§ **Information shown**:

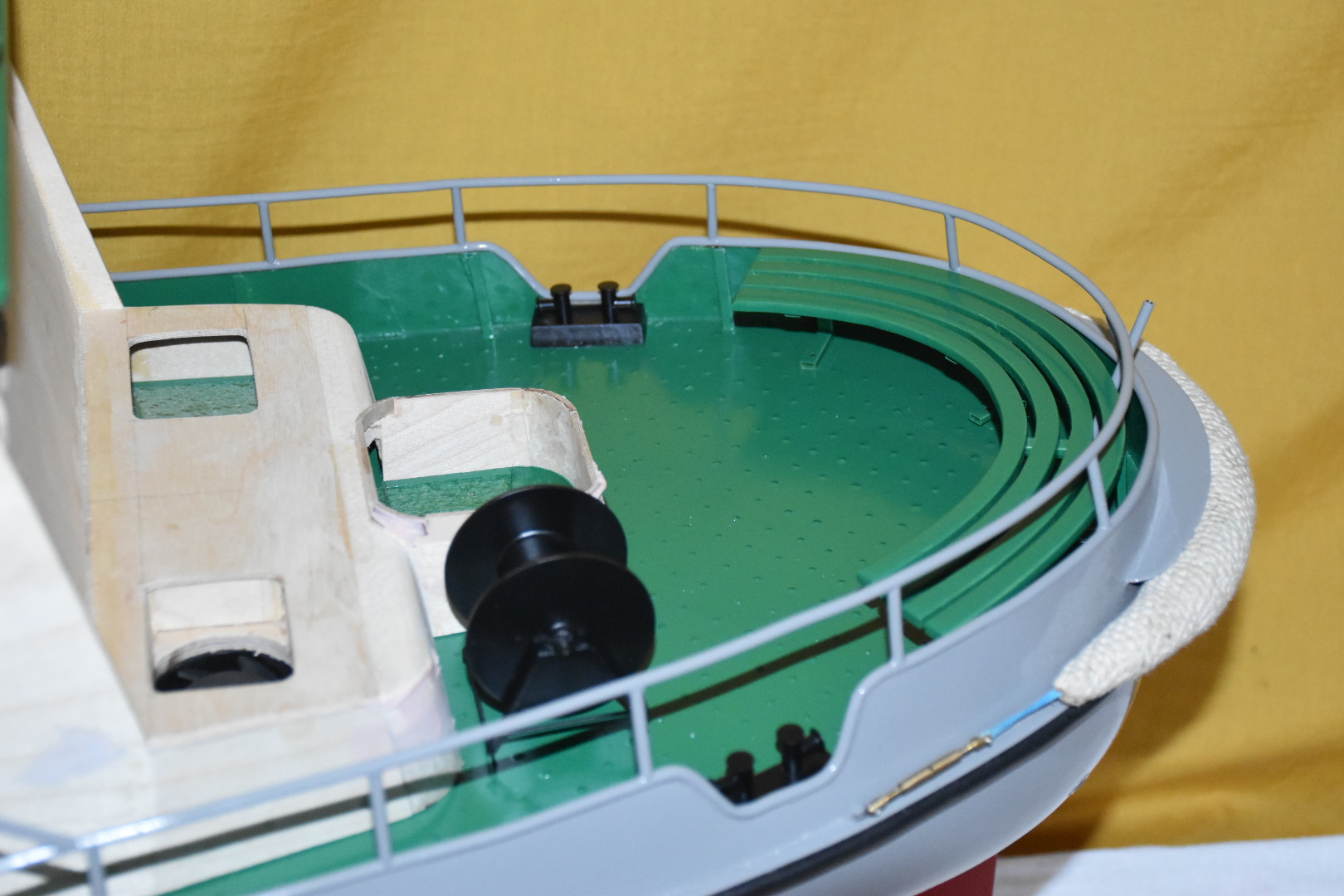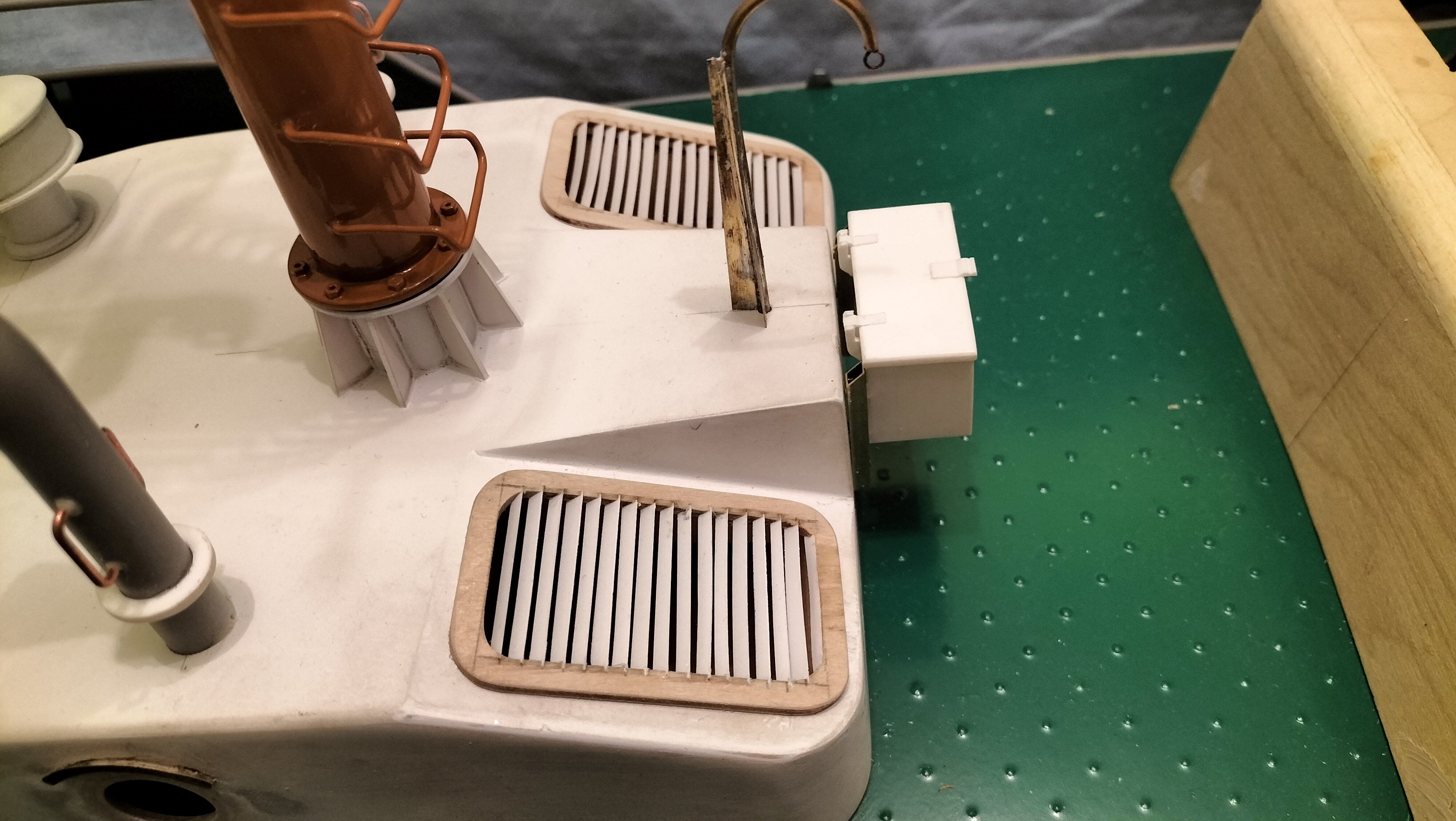 Zamknąłem temat żaluzji na włazach na przedniej skrzyni, wieszak na dzwon, oraz zamontowałem skrzynkę na środki pirotechniczne:
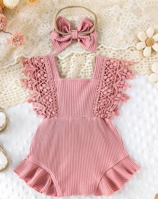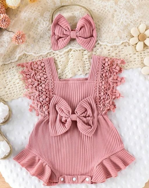 Adorable And Sweet Baby Girl Breathable Solid Color Bodysuit With Water-Soluble Lace And Headband, Suitable For Casual Parties, Vacations, new born clothing, baby dress, baby coth, new born baby romper, romper, diper dress, huggies dress, cloth for new born baby, baby romper, 0 months romper, 6 months romper, cloth for 2 months baby
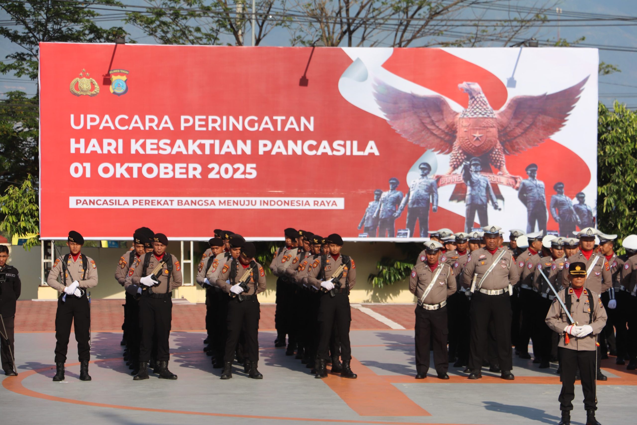 Polda Sulawesi Tengah menggelar upacara peringatan Hari Kesaktian Pancasila di lapangan apel Mako Polda Sulteng, Rabu (1/10/2025). Kapolda Sulteng melalui Wakapolda Sulteng Brigjen Pol Dr Helmi Kwarta Kusuma Putra Rauf memimpin langsung upacara.
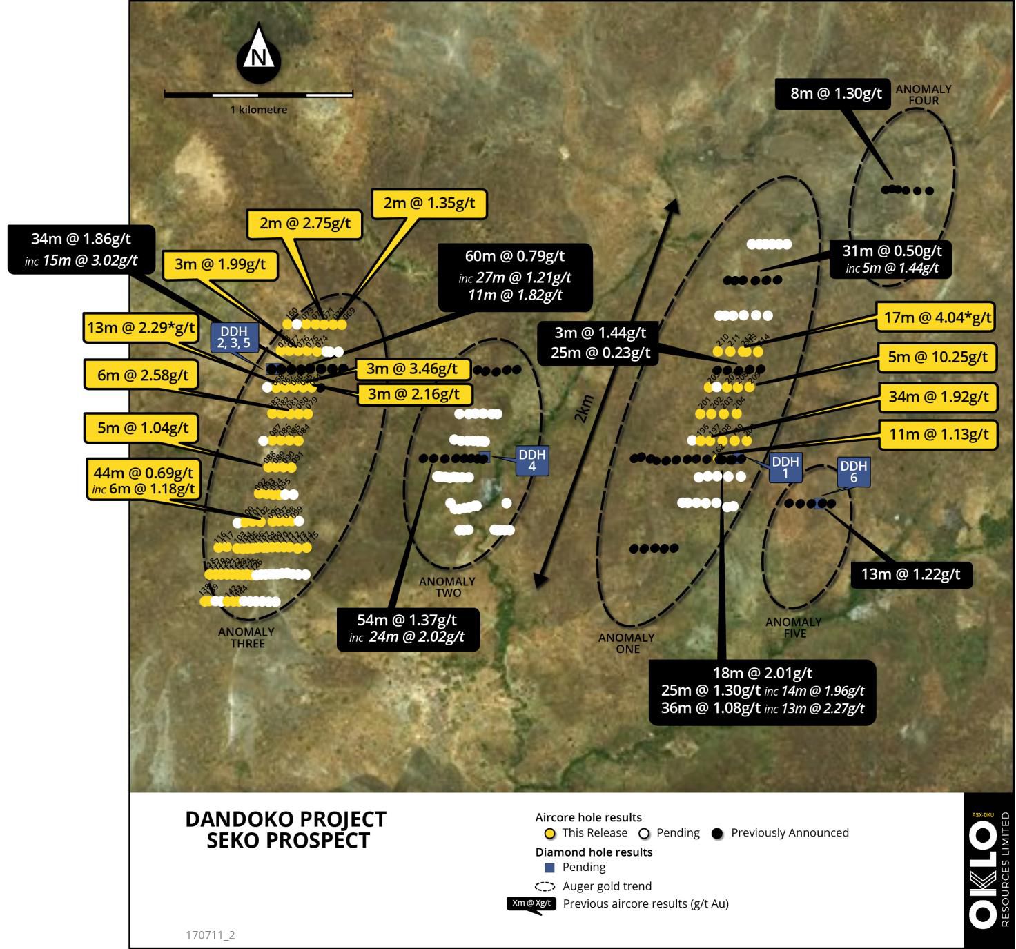 As previously announced (refer ASX Announcement 21st June 2017 "Diamond Drilling Successfully Confirms Seko at Depth") a first pass stratigraphic DD drilling program, comprising 6 holes for 961m, was recently completed testing four separate anomalies at Seko (Anomalies 1, 2, 3 and 5, Figure 2). The DD program was designed to provide valuable geological and structural information on the primary mineralisation below the previously reported significant AC drilling results to assist in the planning of deeper RC drill holes. All holes were angled at -55deg and achieved a maximum downhole depth of 221m (vertical depth ~180m).
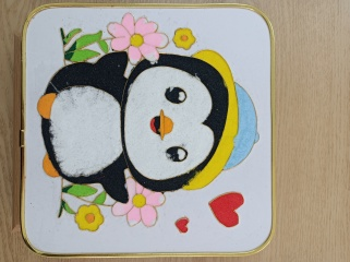 学生制作的掐丝珐琅摆件,盒面上绘有可爱的熊猫图案,周围环绕着花朵。
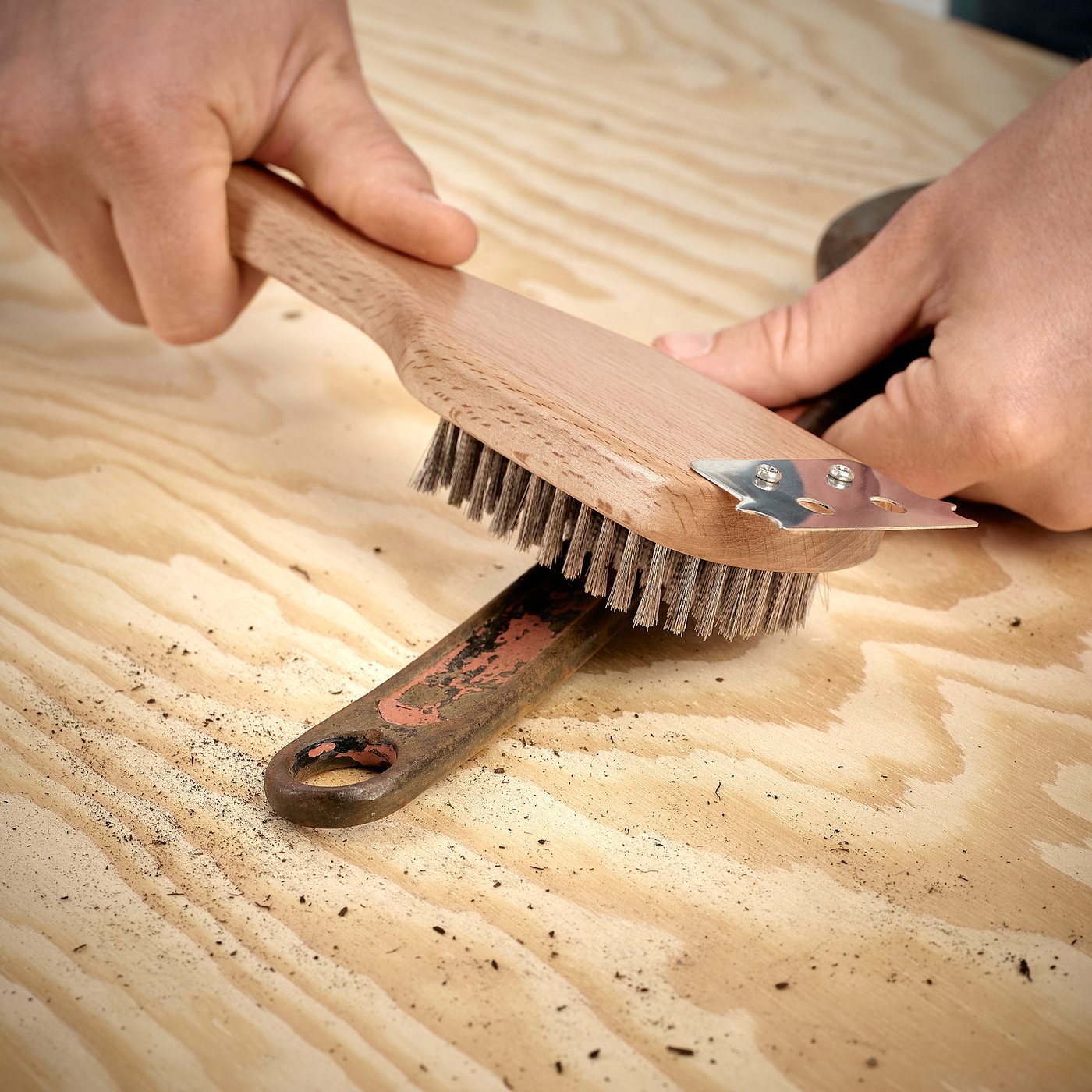 Сталева щітка, якою можна очистити решітку або інші сильно забруднені поверхні.
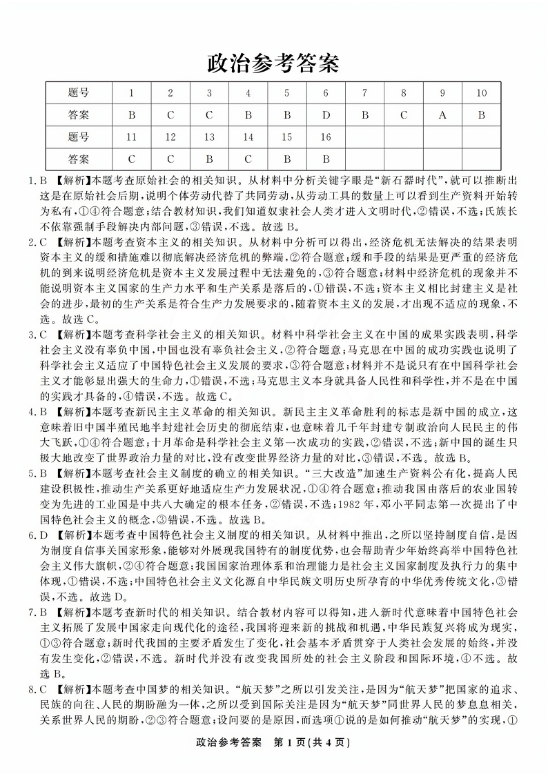 安徽皖江名校联盟2024届高三上学期10月阶段考试 政治答案
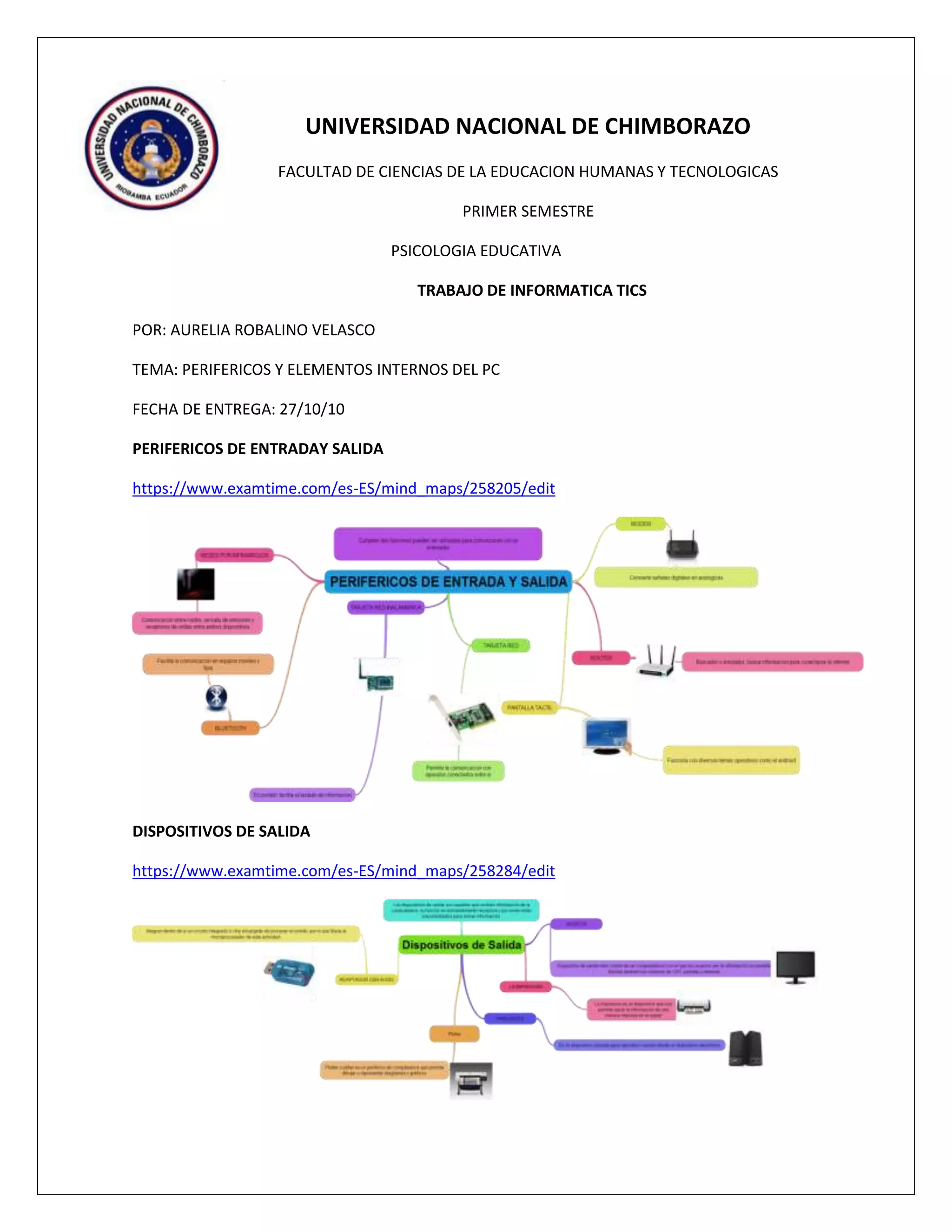 Este documento presenta un trabajo de informática sobre los periféricos y elementos internos de una computadora personal. Incluye secciones sobre periféricos de entrada y salida, dispositivos de salida, periféricos de entrada, dispositivos de almacenamiento y elementos internos de la unidad central de procesamiento, con enlaces a mapas mentales sobre cada tema.
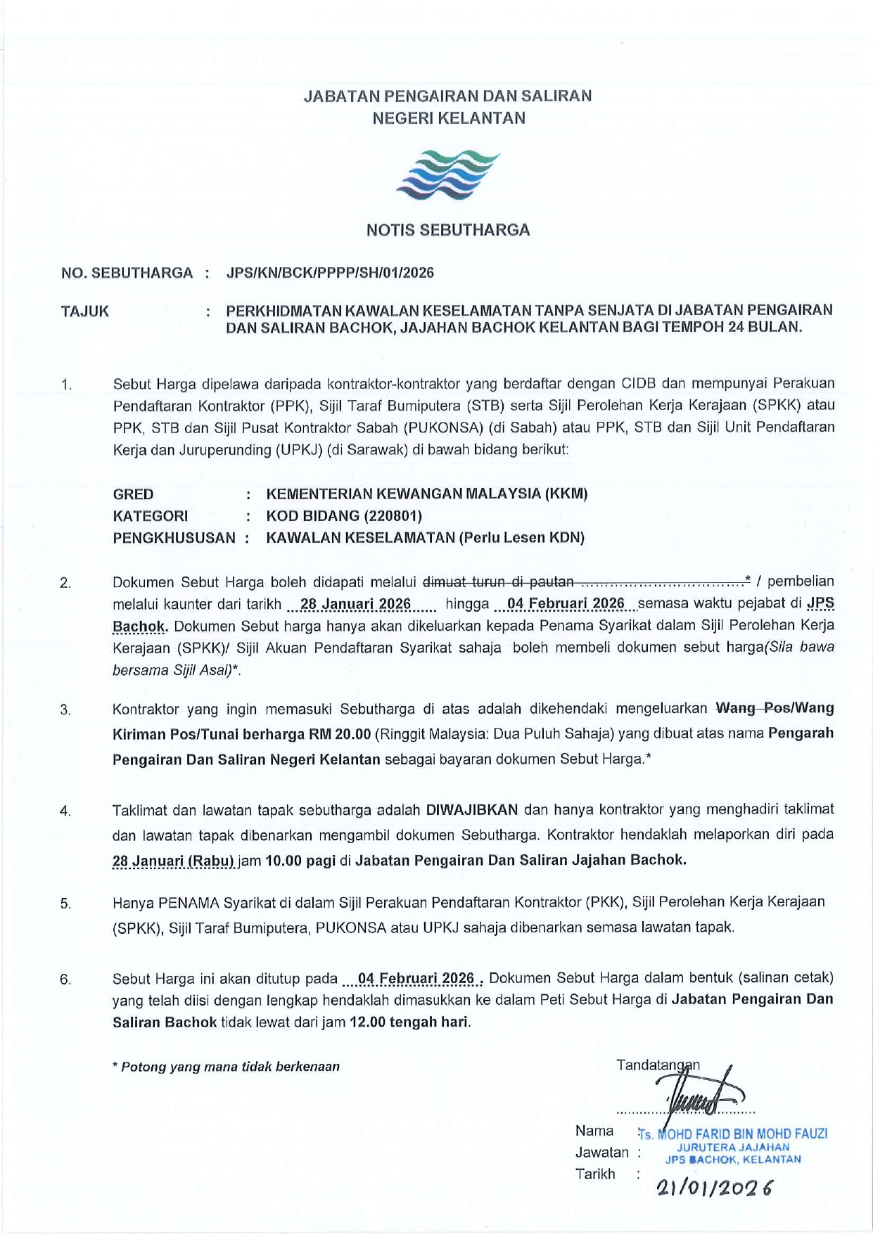 UTAMA PUSAT SUMBER SEBUTHARGA/TENDER/UNDI Iklan IKLAN SEMULA SEBUTHARGA JPS/KN/BCK/PPPP/SH/01/2026 Asma Binti Kassim IKLAN SEMULA SEBUTHARGA JPS/KN/BCK/PPPP/SH/01/2026
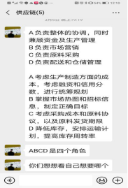 我认为这个比赛充满趣味性也充满挑战性,我很享受比赛的过程,虽然有时会手忙脚乱,但看着我们的工厂逐渐增多,看到我们的资金逐渐积累,心中满满都是开心与自豪。通过这个比赛,我巩固了以前所学的书本理论知识,提前了解了供应链点相关知识,对物流专业学习充满信心。
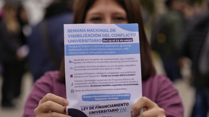 Las universidades públicas de todo el país realizan esta semana jornadas de visibilización de sus reclamos al gobierno nacional. Los gremios de profesores y de trabajadores se suman con medidas de fuerza y los estudiantes desarrollaron este miércoles un acto en plaza San Martín para exigir la sanción de una ley de Financiamiento Universitario.
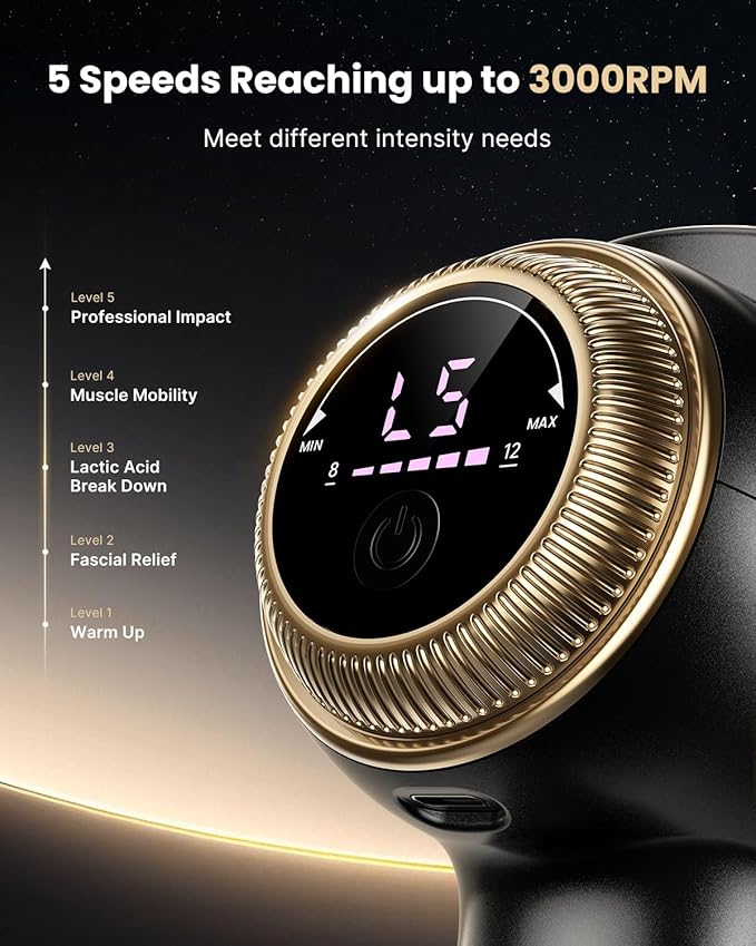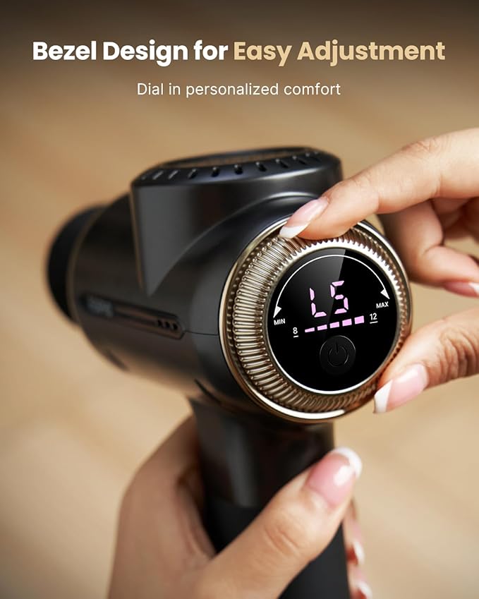 - Amplitude-Adjustable Innovation: This deep tissue massage gun features a bezel design for easy adjustment to offer easy relaxation. With the ability to fine-tune the amplitude from 8mm to 12mm for each body part, ensuring an optimal massage experience

§ **Task goal**:
Give again, exactly as written, the lines from the one with "我认为这个比赛充满趣味性也充" through the last line of the entries above, but skip the pictures.

§ **Output of the exercise**:
 我认为这个比赛充满趣味性也充满挑战性,我很享受比赛的过程,虽然有时会手忙脚乱,但看着我们的工厂逐渐增多,看到我们的资金逐渐积累,心中满满都是开心与自豪。通过这个比赛,我巩固了以前所学的书本理论知识,提前了解了供应链点相关知识,对物流专业学习充满信心。
 Las universidades públicas de todo el país realizan esta semana jornadas de visibilización de sus reclamos al gobierno nacional. Los gremios de profesores y de trabajadores se suman con medidas de fuerza y los estudiantes desarrollaron este miércoles un acto en plaza San Martín para exigir la sanción de una ley de Financiamiento Universitario.
 - Amplitude-Adjustable Innovation: This deep tissue massage gun features a bezel design for easy adjustment to offer easy relaxation. With the ability to fine-tune the amplitude from 8mm to 12mm for each body part, ensuring an optimal massage experience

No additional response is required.